When people reminisce about how the COVID-19 pandemic changed the nature of work, they tend to focus on the positive outcomes. These include the increased focus on employee wellness, the normalization of telecommuting, and the greater time freedom that comes with reporting from home.
However, these benefits are a double-edged sword. With the distinction between “work” and “life” spheres blurring, people had to contend with a new challenge. Instead of striving for work-life balance, workers had to figure out work-life integration, now that two formerly separate spheres have been thrown together like never before.
New challenges emerged from this new lifestyle, such that many remote and hybrid workers struggled to balance and distinguish between work and leisure time. One of the great ironies of this situation is that people were busier than ever- chatting with coworkers on Slack, joining virtual meetings, and answering emails into the wee hours of the night. Despite the ease of communication, people also felt a sense of loneliness that may be stronger than even before the pandemic happened.
Part of the problem is the nature of the communication itself. Digital channels like Slack encourage more frequent but shallower communication, in place of the deeper, more substantial conversations a worker would have face-to-face to build rapport with colleagues: there are incessant pings about mostly low value topics. People are understandably disconnected in this virtual world.
To address loneliness and disconnection in this virtual world, we’ve put together a list of tips that you can try to improve your online social experiences, be it in professional or casual settings.

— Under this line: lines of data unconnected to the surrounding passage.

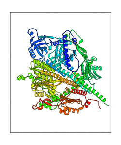 These views are prepared from three orthologuous viewpoints with MolScript. Secondary structures are determined from the C-alpha atom positions of your protein (N-terminal blue, C-terminal red).
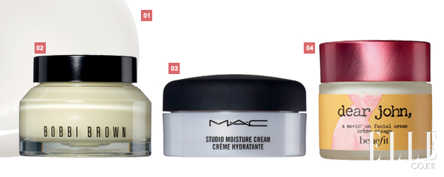 2 바비 브라운 비타민 인리치드 페이스 베이스. 8만3천원. 탱글탱글한 슈크림 텍스처라 피부에 부드럽게 발리고 유수분을 모두 공급한다. 바로 파운데이션을 발라도 들뜨지 않아 아침 메이크업 시간을 단축시켜주는 고마운 아이템. 3 MAC 스튜디오 모이스처 크림. 4만7천원. 수분 크림치고는 리치한 크림 타입. 즉각적으로 피부에 수분을 공급해 메이크업이 잘 받는 피부 상태로 만들어준다. 평소 물광 메이크업을 즐긴다면 꼭 장만할 것. 4 베네피트 디어 존. 4만8천원. 보들보들한 질감으로 끈적임 없이 촉촉함만 남겨주는 기특한 크림. 풍성한 사용감과 매끈한 마무리감의 메이크업 아티스트들의 ‘잇’ 크림. |
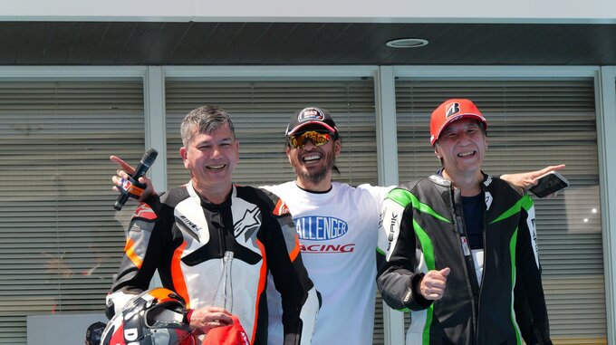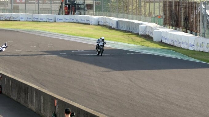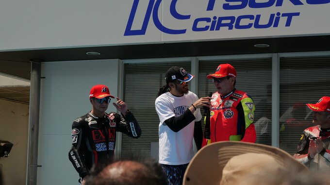 FSCRクラスの表彰式はバイクファンらがぎっしり集まる熱気の中で行われ、司会の恩田浩彦さんに心境を尋ねられた長瀬さんは「最高に楽しかったですね」「これだけ多くの方々が見て下さったって言うのと、レースの神様が、ちょっと僕を見てくれたような気がしたので、良かったです」とコメント。〝今年唯一の参戦〟とした今回のレースを、充実の表情で締めくくっていました。
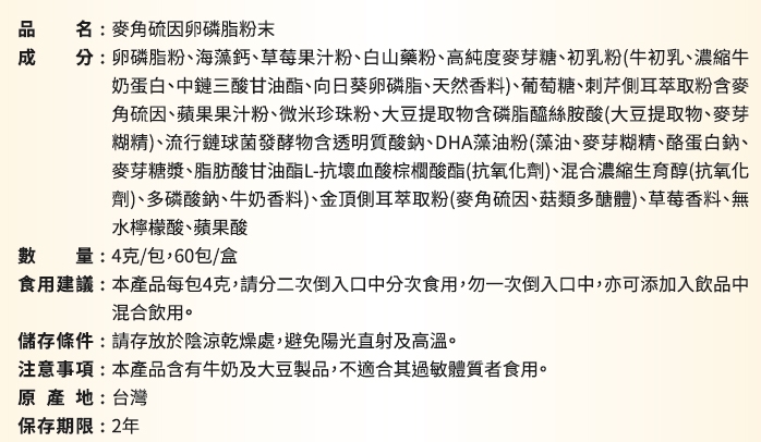 3.過敏原 : 本產品含有牛奶及大豆製品,不適合其過敏體質者食用。

Create systems for positive habits. With the New Year, people often make resolutions that are goal-oriented, such as losing weight or saving more. While goals are necessary, achieving them takes more than just setting targets. People need to create systems that enable them to seamlessly move toward their goals.
In a digital work setting, for example, people can set an alarm clock to remind them to take measures that promote their wellness. An alarm may prompt them to go for a walk, take a meditation break, or take a virtual coffee break with a colleague. The choice is yours to make — the key point is that workers should build systems that reinforce positive, wellness-promoting habits.
Disconnect to reconnect. There was a time when it was perfectly fine for a person to be offline. Many people are advocating that this offline time return. Some go so far as to set an entire day, such as Sunday, where they unplug from all their digital connections. While this may not be possible for everyone depending on the nature of their work, even one hour of offline time, such as the lunch hour, may be beneficial.
As counter-intuitive as it may sound, disconnecting is actually beneficial for a person’s work. When they take an extended break, they are able to refresh and return to a much healthier state of mind, which is ideal for any knowledge worker. Some people may elect to do deep work during this time that requires extensive focus, while others may simply rest and relax.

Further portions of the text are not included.